As Hurstbourne and surrounding communities grew, non-residential development, particularly along Shelbyville Road and Hurstbourne Parkway, increased dramatically. This led to valid concerns about preserving the residential character of the area. Although some stakeholders completely resented development, others acknowledged the function and value of the two corridors as economic engines and sources of employment.
The small-area plan was designed to examine land use in terms of future development and redevelopment that would benefit the area while preserving the character of adjacent Hurstbourne and nearby communities. It was suggested that higher concentrations of nonresidential development could take place around the large intersections of these roadways. Moving away from the intersections, both Shelbyville Road and Hurstbourne Parkway would retain their residential character, ensuring that future development in those areas would be more favorable to residents.

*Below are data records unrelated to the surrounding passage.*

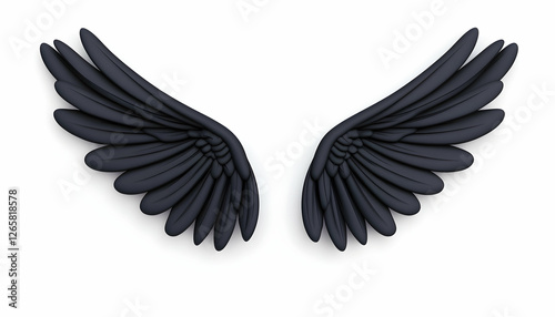 Naklejka premium Pair of dark feathered wings spread on a white background, for use in design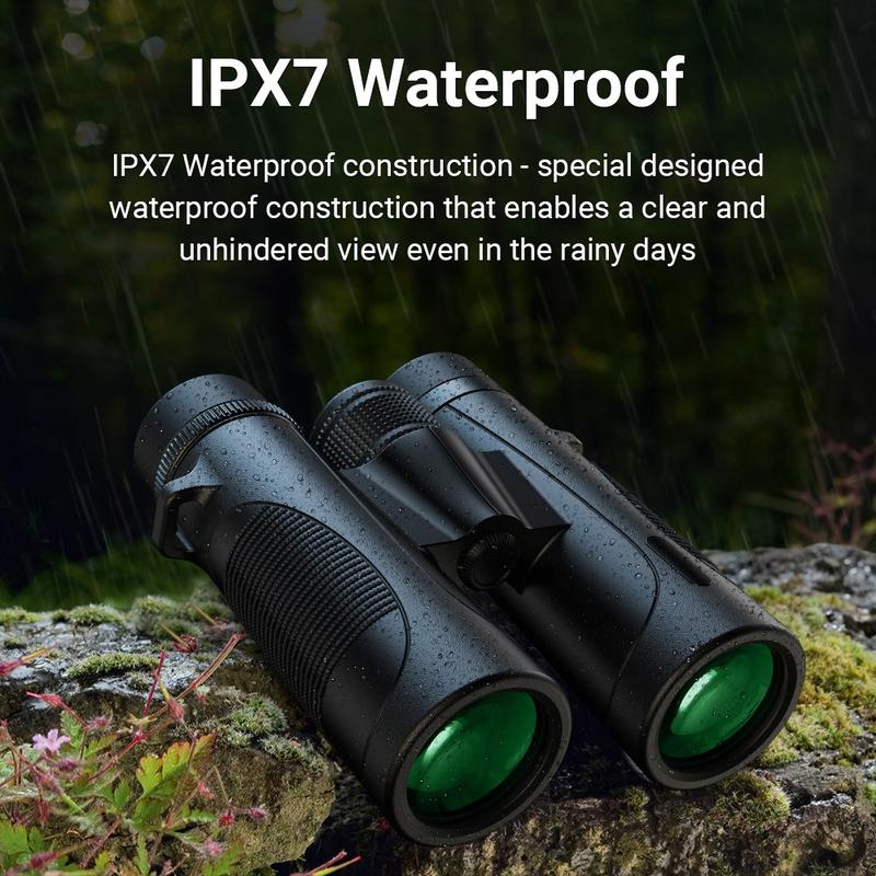 - IPX7-Ferngläser können versehentlichem Untertauchen und starkem Regen standhalten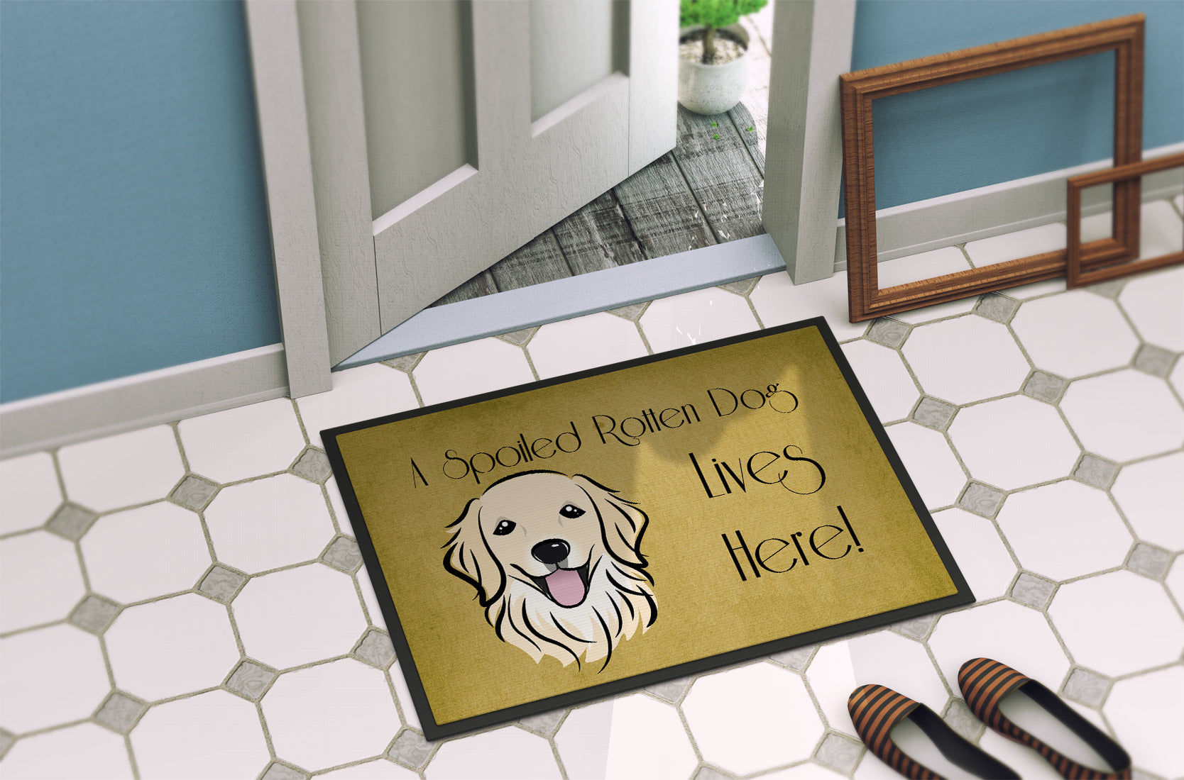 Decorate your space with our Golden Retriever artwork on a Doormat. Welcome your guests in style with our Artwork Door Mat, designed to withstand almost any weather condition. This mat, measuring approximately 24 by 36 inches, is held together by durable black binding tape. Its top layer, composed of polyester felt, is dyed with the eye-catching image you see on the mat. A few layers below provide the mat with stability, while its rubber bottom is stamped to help prevent slipping and ensures safety. Our mat works wonderfully as both an indoor or outdoor door mat. For cleaning, simply hose it off with water or use a power washer - no need for any cleaner that produces suds. Avoid scrubbing with a brush, instead, opt for the vacuum on floor setting. Designed manufactured and printed in the USA, this mat is a perfect addition to your porch, outdoor kitchen, entryway, or any indoor space. Its unique design makes it a charming decorative rug that greets your guests and adds a stylish touch to your home decor.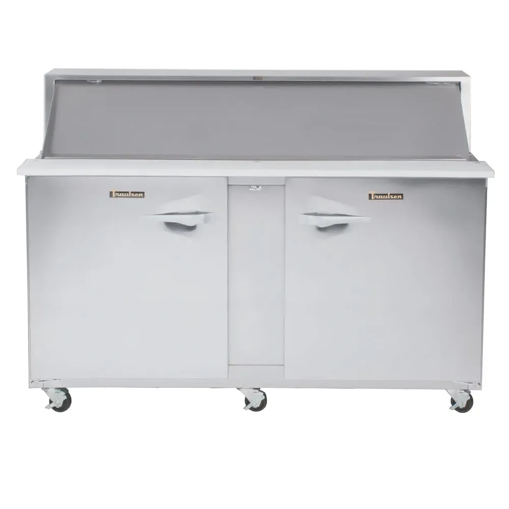 The Traulsen Dealers Choice Compact Prep Table Refrigerator features a roll-top lid that doubles as an overshelf, providing convenient access to ingredients while maximizing workspace efficiency. It holds up to 30 1/6 pans, 4 inches deep, and can accommodate pans up to 6 inches deep, making it ideal for a variety of food prep tasks.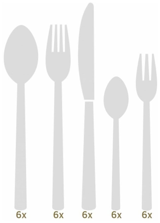 | Комплектация (для интернет-магазина) | Ложка столовая - 6шт; вилка столовая - 6шт; нож столовый - 6шт; ложка десертная - 6шт; вилка десертная - 6шт |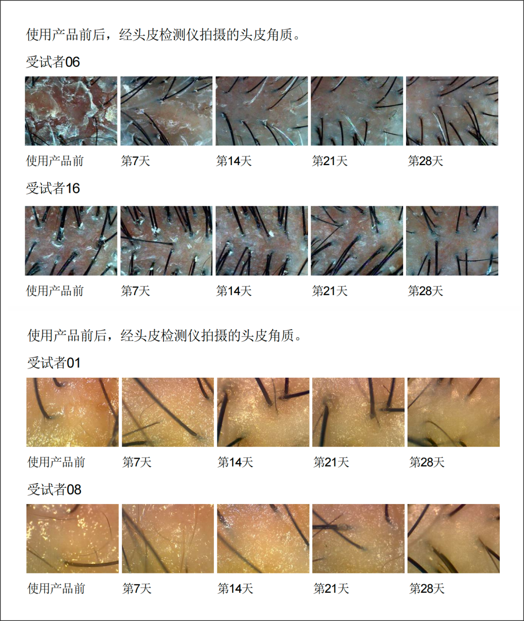 实验过程中,拍摄记录的受试者头皮角质,其去屑、控油效果也是肉眼可见↓
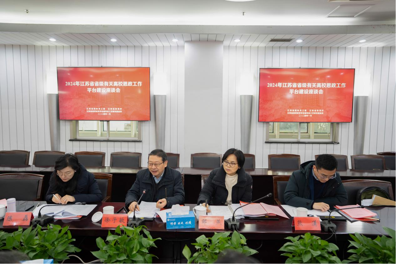 1月25日,2024年江苏省省级有关高校思想政治工作平台建设座谈会在我校举行。省教育厅一级巡视员徐子敏,南京工业大学党委常委、副校长刘大卫,苏州大学党委常委、副校长查佐明,南通大学党委常委、副校长吉明明,大发在线党委常委、副校长任旭东,南京师范大学党委常委、宣传部部长宋喆,省教育厅社政处处长邹燕、一级主任科员陈磊、挂职干部熊潇,以及省网络思政中心(易班中心)、8个省级高校辅导员培训与研修基地负责人参加座谈会。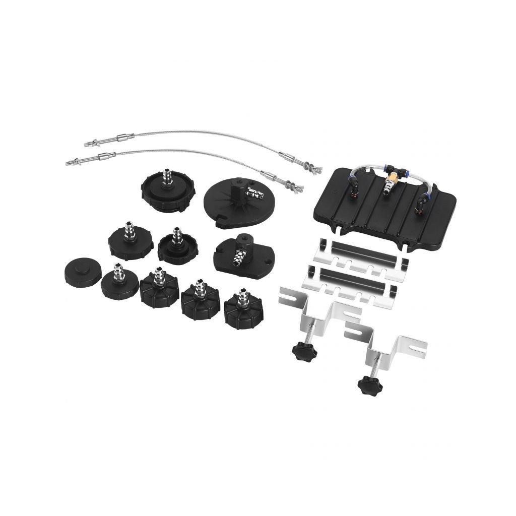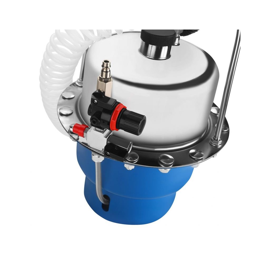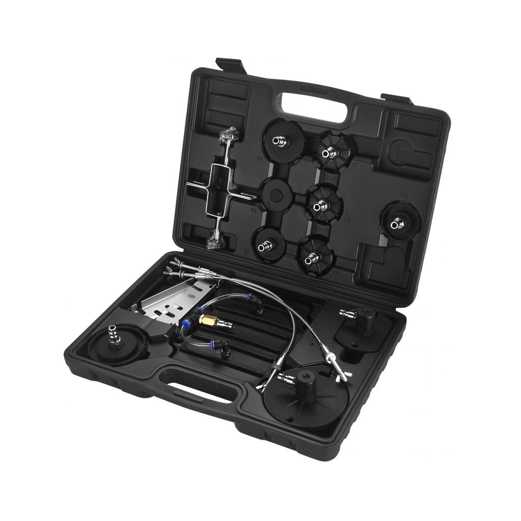 Univerzální použití, odolná konstrukce (hliník + pevný plast) a dlouhá 5,2m hadice usnadňují práci v dílně i v garáži. Pracovní tlak 10–40 PSI (0,69–2,76 bar) a spotřeba vzduchu 4,5 CFM zajišťují stabilní podtlak pro rychlé a čisté odvzdušnění.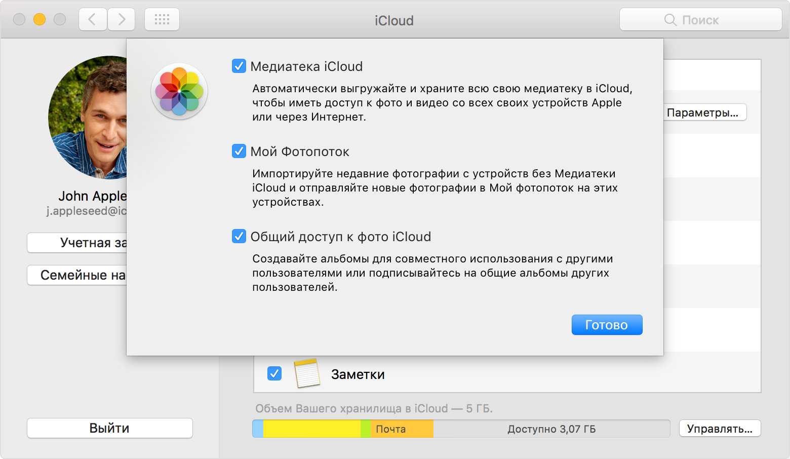 Важно, чтобы был введен тот же Apple ID, что и на iPhone, — именно так система идентифицирует вас. В окне программы поставьте галочку около надписи «Фотографии» и после нажатия на кнопку «Параметры…» укажите, где на компьютере будет располагаться «Фотопоток»

The transition from the multiuse suburban section of the corridor would start with visual cues—streetscape designs, architectural and landscape treatments that create a “gateway” to residential neighborhoods. Roads narrow, speed bumps and pedestrian crossings are placed at decreasing distances from each other, and bicycle lanes create a need for lower speeds. More circuitous routes on side streets discourage cut-throughs, and bump-outs at intersections physically narrow the roads and signal that the commercial corridor is being left behind.
Many of these suggestions influenced modifications in the existing form district regulations. Form districts, unlike zoning districts, dictate design guidelines and standards as well as other elements such as setbacks and height restrictions. Ideally, these changes will influence the behavior of motorists and also encourage future patterns of development designed to protect the residential character of the corridor.